Cisco snares maker of enforcement appliances

Cisco Systems Inc. has quietly bought a maker of network-based entitlement enforcement appliances.

Last week word emerged that Cisco has purchased Rohati Systems Inc. of Sunnyvale, Calif., for an undisclosed price.

Neither company was willing to be interviewed on the report, but a Forrester Research analyst said it’s an expected move.

“The problem with entitlement enforcement is you have to open up applications and re-develop the source code,” said Andras Csar, a senior analyst who specializes in identity and access management. Solutions often involved extra software and hardware, such as Oracle’s Entitlement Server.

Rohati’s agentless appliances work in-line and can intercept transactions to perform policy enforcement and management, Csar said.

Rohati, headed by CEO Shane Buckley, was created by a team of former Cisco staffers in 2006. It makes two models of appliances: the TNS 100, a single unit for medium sized data center environments and departmental server farms, and the TNS 500, a chassis that can hold five units for centre environments that need multi-10G application throughput with millions of connections.
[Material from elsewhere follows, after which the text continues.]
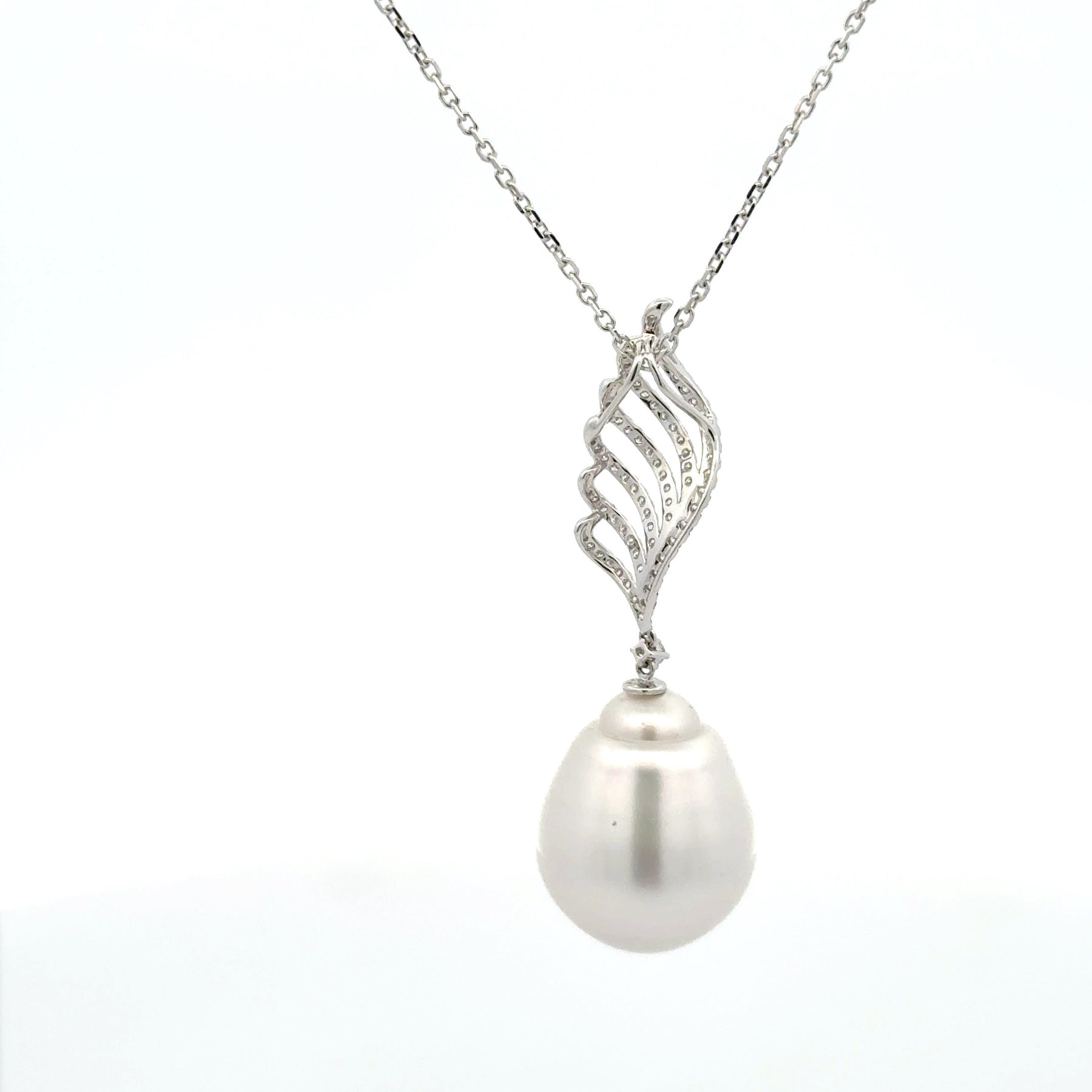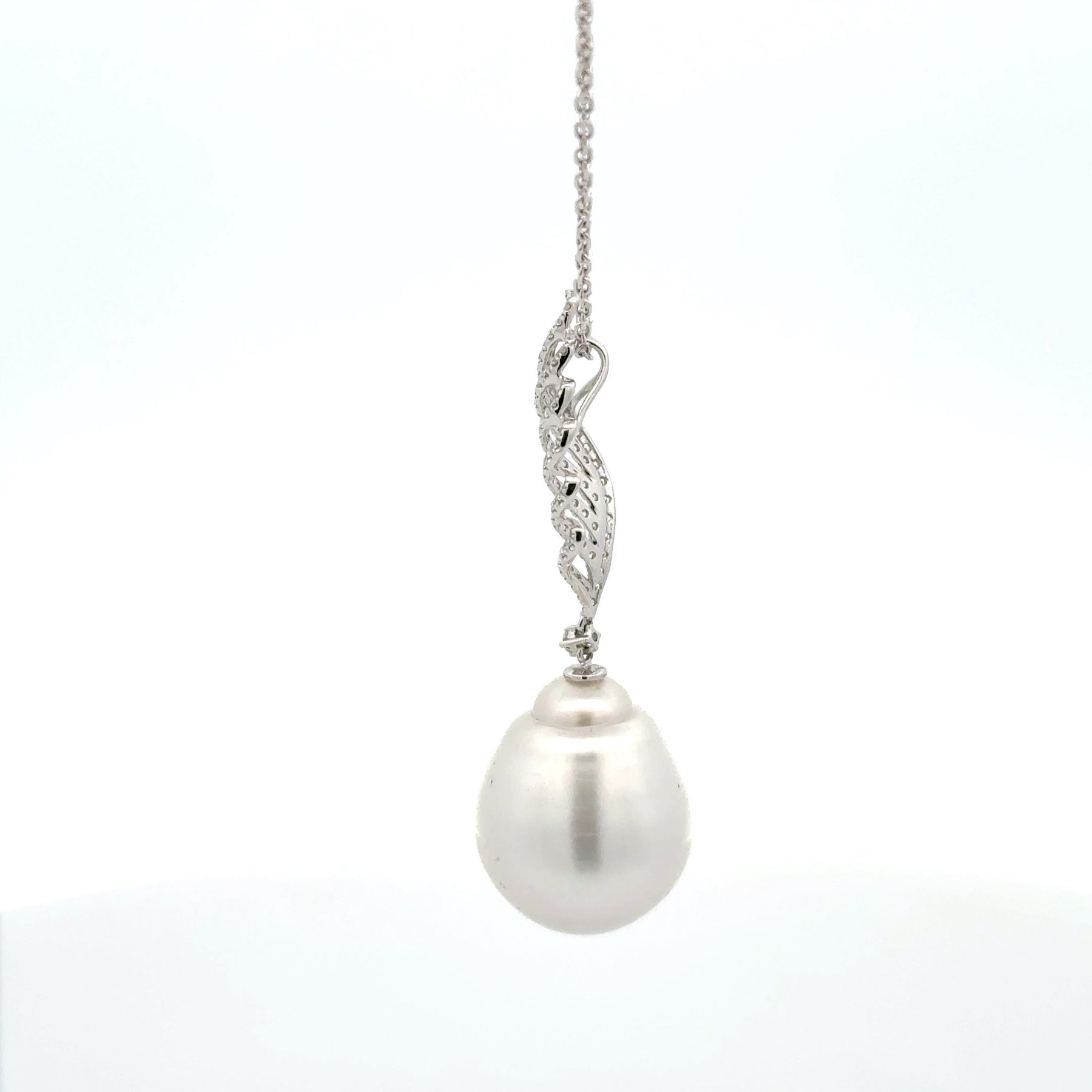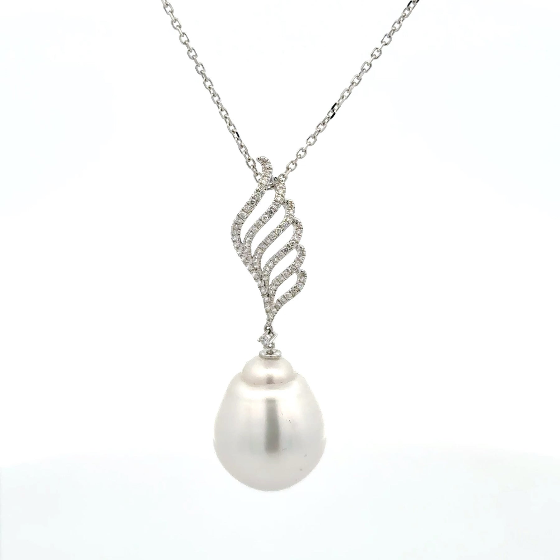 Elevate your style with this exquisite pearl necklace. A lustrous, pear-shaped pearl graces this elegant white gold necklace, suspended from a dazzling silver swirl pendant. Its luminous surface and classic silhouette offer a timeless addition to any jewelry collection, ideal for special occasions or adding a touch of sophistication to everyday wear. 18 karat white gold 0.36 total diamond weight
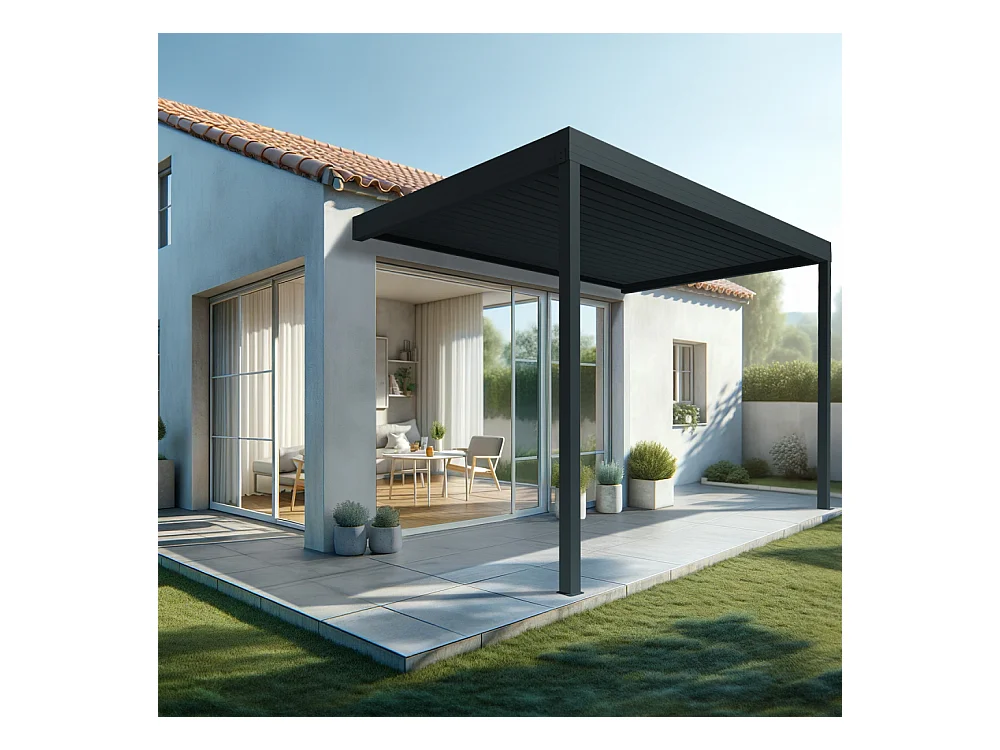 Pergola adossée en aluminium "Windsor" - Gris anthracite - 3 x 4 m

In August Rohati announced its solutions can be extended to virtualized servers and off-premise cloud environments.

It claims it can provide per-transaction policy enforcement for any supported protocol based on any combination of user, resource, protocol, and network attributes

The company says the appliances are particularly suited for the financial services, healthcare, information technology services, insurance, energy and government organizations that have to meet stringent regulatory compliance mandates.

According to Csar, competitors include IBM’s WebSphere DataPower gateway line, as well as products from startup Bayshore Networks and PacketMotion Inc.

Csar added that he’s looking forward to hearing what Cisco will do with Rohati. Until now Cisco’s identity and access management strategy has been “fairly inconsistent,” he said.

He expects Rohati appliances will be integrated with the policy management software Cisco gained when it bought Securenet Inc. in 2007. Csar also said he wouldn’t be surprised if IBM reacted by integrating its DataPower appliance with its Tivoli Security Policy Manager.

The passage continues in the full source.